DetAny4D: Detect Anything 4D Temporally in a Streaming RGB Video¶

Conference: CVPR 2026
Paper: CVF Open Access
Code: To be released (the paper states data and code will be open-sourced after acceptance)
Area: 3D Vision / Object Detection
Keywords: 4D Detection, Streaming Video, Open-Vocabulary 3D Detection, Spatiotemporal Consistency, Causal Attention

TL;DR¶

DetAny4D defines "continuous 3D bounding box prediction in streaming RGB videos" as a 4D detection task. It utilizes an end-to-end open-vocabulary framework (SAM + DINO + UniDepth features + Causal Spatiotemporal Decoder + multi-task heads) to directly output globally consistent 3D boxes across frames. Accompanying this is the DA4D dataset comprising 280,000 sequences, which reduces cross-frame jitter variance by 10–30% compared to single-frame detectors.

Background & Motivation¶

Background: Monocular 3D detection (Cube R-CNN, OVMono3D, DetAny3D) can already predict 3D boxes from single images or pre-scanned point clouds, with increasing open-vocabulary capabilities. However, the real world consists of streaming videos, necessitating "stable and consistent 3D boxes across continuous frames."

Limitations of Prior Work: Applying single-frame detectors frame-by-frame leads to independent predictions without temporal modeling. When converting 3D boxes from each frame to a global coordinate system, they often conflict, resulting in significant jitter and temporal inconsistency. Another approach involves multi-stage pipelines—single-frame detection, followed by tracking, and then 3D association/fusion—which are architecturally cumbersome and prone to error propagation through cascaded stages. Spatiotemporal detection methods in autonomous driving typically cover only a few categories and lack open-vocabulary capabilities.

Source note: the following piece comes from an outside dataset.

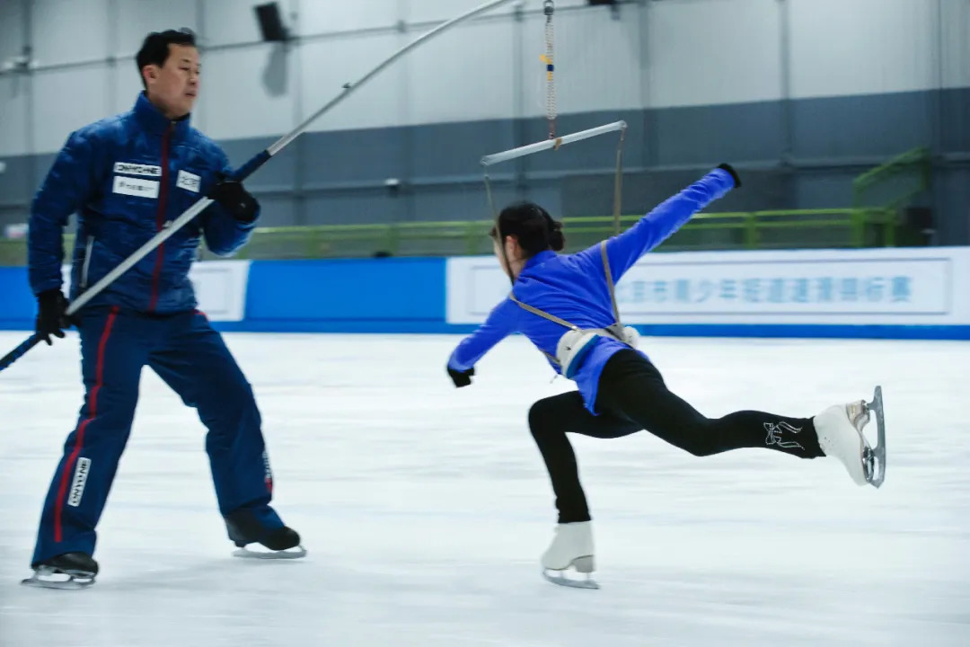 冰场上的其他人——手执教棍、表情松弛的教练,兴致勃勃学习滑行的小孩,偶尔经过的开着清冰车的大爷,对这对母女堪称极致的训练早已见怪不怪,但熟悉冰上运动的人知道,张爱君的想法绝非易事。

Key Challenge: The need to accurately detect objects in newly arrived frames while maintaining long-term memory and global consistency. Neither "frame-by-frame independent" nor "multi-stage post-processing" paradigms simultaneously solve these goals. A more fundamental bottleneck is the lack of large-scale datasets with continuous and reliable 3D box annotations, as spatiotemporal labeling costs are extremely high.

Goal: (1) Construct a large-scale 4D dataset with spatiotemporally aligned 3D box annotations; (2) Design a temporal modeling mechanism capable of maintaining long-term memory while accurately detecting objects in the current frame; (3) Handle sequences of arbitrary length and output stable and consistent 3D detections under dynamic viewpoint changes.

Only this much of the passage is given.